This virtual address is inside the extended directmap.  You're going to
need to rearrange more things than just this, to make it safe.

While largely a theoretical risk as far as the directmap goes, there is
now a rather higher risk of colliding with the ERR_PTR() range.  Its bad
enough this infrastructure is inherently unsafe with 64bit PV guests,

~Andrew

Re: [PATCH][4.15] x86: mirror compat argument translation area for 32-bit PV

Posted by Jan Beulich 3 years, 9 months ago

On 22.02.2021 15:14, Andrew Cooper wrote:
> On 22/02/2021 10:27, Jan Beulich wrote:
>> Now that we guard the entire Xen VA space against speculative abuse
>> through hypervisor accesses to guest memory, the argument translation
>> area's VA also needs to live outside this range, at least for 32-bit PV
>> guests. To avoid extra is_hvm_*() conditionals, use the alternative VA
>> uniformly.
>>
>> While this could be conditionalized upon CONFIG_PV32 &&
>> CONFIG_SPECULATIVE_HARDEN_GUEST_ACCESS, omitting such extra conditionals
>> keeps the code more legible imo.
>>
>> Fixes: 4dc181599142 ("x86/PV: harden guest memory accesses against speculative abuse")
>> Signed-off-by: Jan Beulich <jbeulich@suse.com>
>>
>> --- a/xen/arch/x86/mm.c
>> +++ b/xen/arch/x86/mm.c
>> @@ -1727,6 +1727,11 @@ void init_xen_l4_slots(l4_pgentry_t *l4t
>>                 (ROOT_PAGETABLE_FIRST_XEN_SLOT + slots -
>>                  l4_table_offset(XEN_VIRT_START)) * sizeof(*l4t));
>>      }
>> +
>> +    /* Slot 511: Per-domain mappings mirror. */
>> +    if ( !is_pv_64bit_domain(d) )
>> +        l4t[l4_table_offset(PERDOMAIN2_VIRT_START)] =
>> +            l4e_from_page(d->arch.perdomain_l3_pg, __PAGE_HYPERVISOR_RW);
> 
> This virtual address is inside the extended directmap.

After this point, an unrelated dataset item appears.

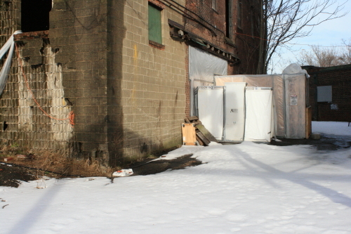 download file Barely noticable orange extension chord? Check! Entryway made of wood and plastic with Asbestos warning signs on it? Check! Deterred from going inside the building? Check! That plastic that is breaking up the left edge of the photo in a way that i should've taken care of looped down and then up again. In the sag was a bunch of yellowish disgusto water. |

No. That one covers only the range excluding the last L4 slot.

>  You're going to
> need to rearrange more things than just this, to make it safe.

I specifically picked that entry because I don't think further
arrangements are needed.

> While largely a theoretical risk as far as the directmap goes, there is
> now a rather higher risk of colliding with the ERR_PTR() range.  Its bad
> enough this infrastructure is inherently unsafe with 64bit PV guests,

The ERR_PTR() range is still _far_ away from the sub-ranges we
use in the per-domain area.

Jan

Re: [PATCH][4.15] x86: mirror compat argument translation area for 32-bit PV

Posted by Andrew Cooper 3 years, 9 months ago

On 22/02/2021 14:22, Jan Beulich wrote:
> On 22.02.2021 15:14, Andrew Cooper wrote:
>> On 22/02/2021 10:27, Jan Beulich wrote:
>>> Now that we guard the entire Xen VA space against speculative abuse
>>> through hypervisor accesses to guest memory, the argument translation
>>> area's VA also needs to live outside this range, at least for 32-bit PV
>>> guests. To avoid extra is_hvm_*() conditionals, use the alternative VA
>>> uniformly.
>>>
>>> While this could be conditionalized upon CONFIG_PV32 &&
>>> CONFIG_SPECULATIVE_HARDEN_GUEST_ACCESS, omitting such extra conditionals
>>> keeps the code more legible imo.
>>>
>>> Fixes: 4dc181599142 ("x86/PV: harden guest memory accesses against speculative abuse")
>>> Signed-off-by: Jan Beulich <jbeulich@suse.com>
>>>
>>> --- a/xen/arch/x86/mm.c
>>> +++ b/xen/arch/x86/mm.c
>>> @@ -1727,6 +1727,11 @@ void init_xen_l4_slots(l4_pgentry_t *l4t
>>>                 (ROOT_PAGETABLE_FIRST_XEN_SLOT + slots -
>>>                  l4_table_offset(XEN_VIRT_START)) * sizeof(*l4t));
>>>      }
>>> +
>>> +    /* Slot 511: Per-domain mappings mirror. */
>>> +    if ( !is_pv_64bit_domain(d) )
>>> +        l4t[l4_table_offset(PERDOMAIN2_VIRT_START)] =
>>> +            l4e_from_page(d->arch.perdomain_l3_pg, __PAGE_HYPERVISOR_RW);
>> This virtual address is inside the extended directmap.
> No. That one covers only the range excluding the last L4 slot.
>
>>   You're going to
>> need to rearrange more things than just this, to make it safe.
> I specifically picked that entry because I don't think further
> arrangements are needed.

map_domain_page() will blindly hand this virtual address if an
appropriate mfn is passed, because there are no suitability checks.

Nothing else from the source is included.